The next largest deal brings together two competitors. Advanced Medical Optics (NYSE: EYE) is paying $808.0 million in cash for IntraLase (NASDAQ: ILSE), which designs, develops and manufactures ultra-fast laser products for vision correction. This transaction, valued at 6.6x revenue, gives EYE its rival’s blade-free technology, helping to establish it as a global leader in refractive technology. EYE currently holds a 60% market share of the Lasik vision correction market.
The deal offers ILSE shareholders a 12.5% premium over the stock’s prior-day closing price. It had been anticipated because ILSE’s femtosecond laser technology is becoming the standard of care for creating a corneal flap in Lasik surgery. UBS Investment Bank and Goldman Sachs provided financial advice to EYE; Bank of America and JP Morgan provided financial advice to ILSE.
MDS (NYSE: MDZ), the life sciences company, is acquiring Molecular Devices Corp. (NASDAQ: MDCC) for $615.0 million. MDCC provides bioanalytical measurement systems for drug discovery and other life sciences research. This transaction, valued at 3.3x revenue, expands MDZ’s global position as a provider of life science solutions. It also offers MDCC shareholders a 48.7% premium to the stock’s prior-day trading price. The buyer will create a new business unit that combines MDCC and MDZ’s exisiting MDS Sciex division.
Moog (NYSE: MOG.A) is acquiring ZEVEX International (NASDAQ: ZVXI) for $83.8 million in cash. ZVXI distributes pumps and sets that are used to deliver enteral feeding for hospital, nursing home and patient home use. This deal, valued at 2.1x revenue, expands Moog’s home health supply business, annual sales of which are expected to rise to $65.0 million. The purchase price represents a 36% premium to the average trading price of the target’s stock over the past 30 days.
Medtronic (NYSE: MDT) is on the prowl for deals, actively looking outside the United States.
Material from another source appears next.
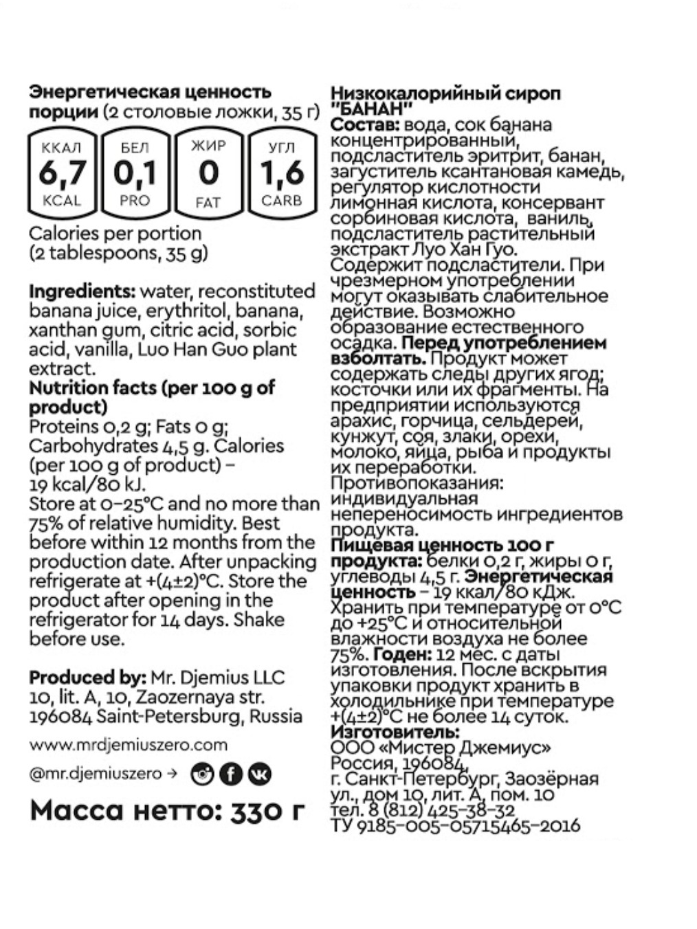 Низкокалорийный сироп Mr.Djemius ZERO "Банан" 330гр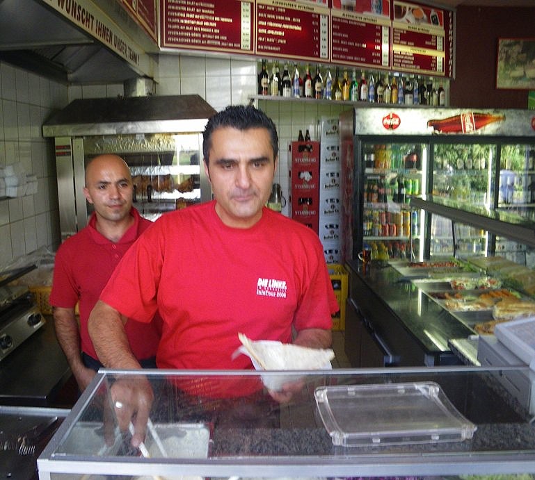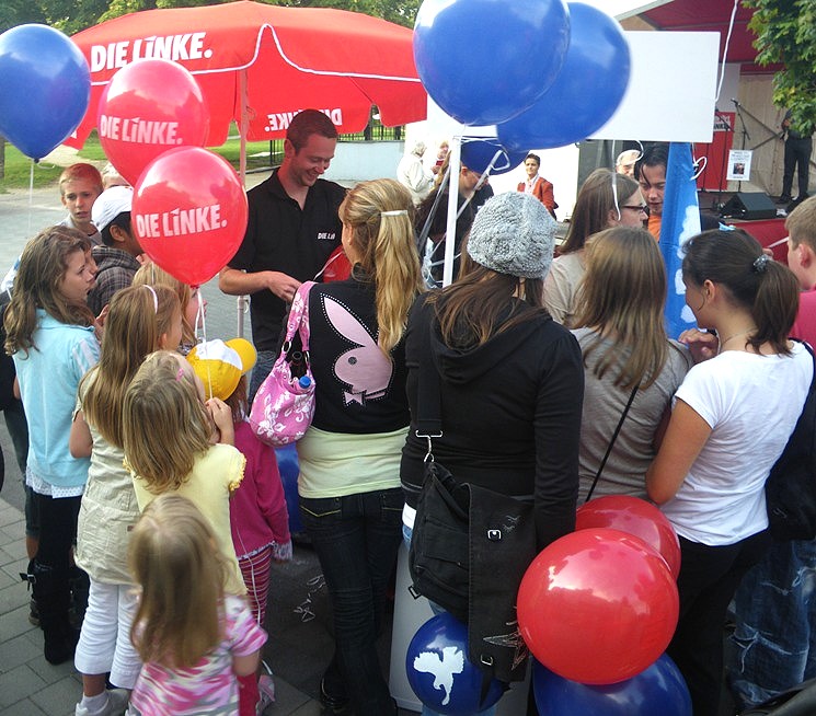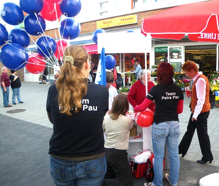 An den Info-Ständen herrschte Andrang. Das Team-Pau und weitere Helfer verteilten Wahlmaterialien. Selbst der Döner im benachbarten Imbiss wurde heute im roten T-Shirt mit der Aufschrift DIE LINKE serviert.

The Asia-Pacific region, particularly Japan and China, seems to represent its biggest opportunity for foreign markets. Even so, MDT announced one small domestic deal during January. It is paying up to $41.0 million for certain manufacturing assets for the production of patented ENT sheath products used in ENT procedures from Massachusetts-based Vision Sciences (NASDAQ: VSCI). As part of this transaction, MDT now has the right to distribute, market and sell EndoSheath products on a worldwide basis.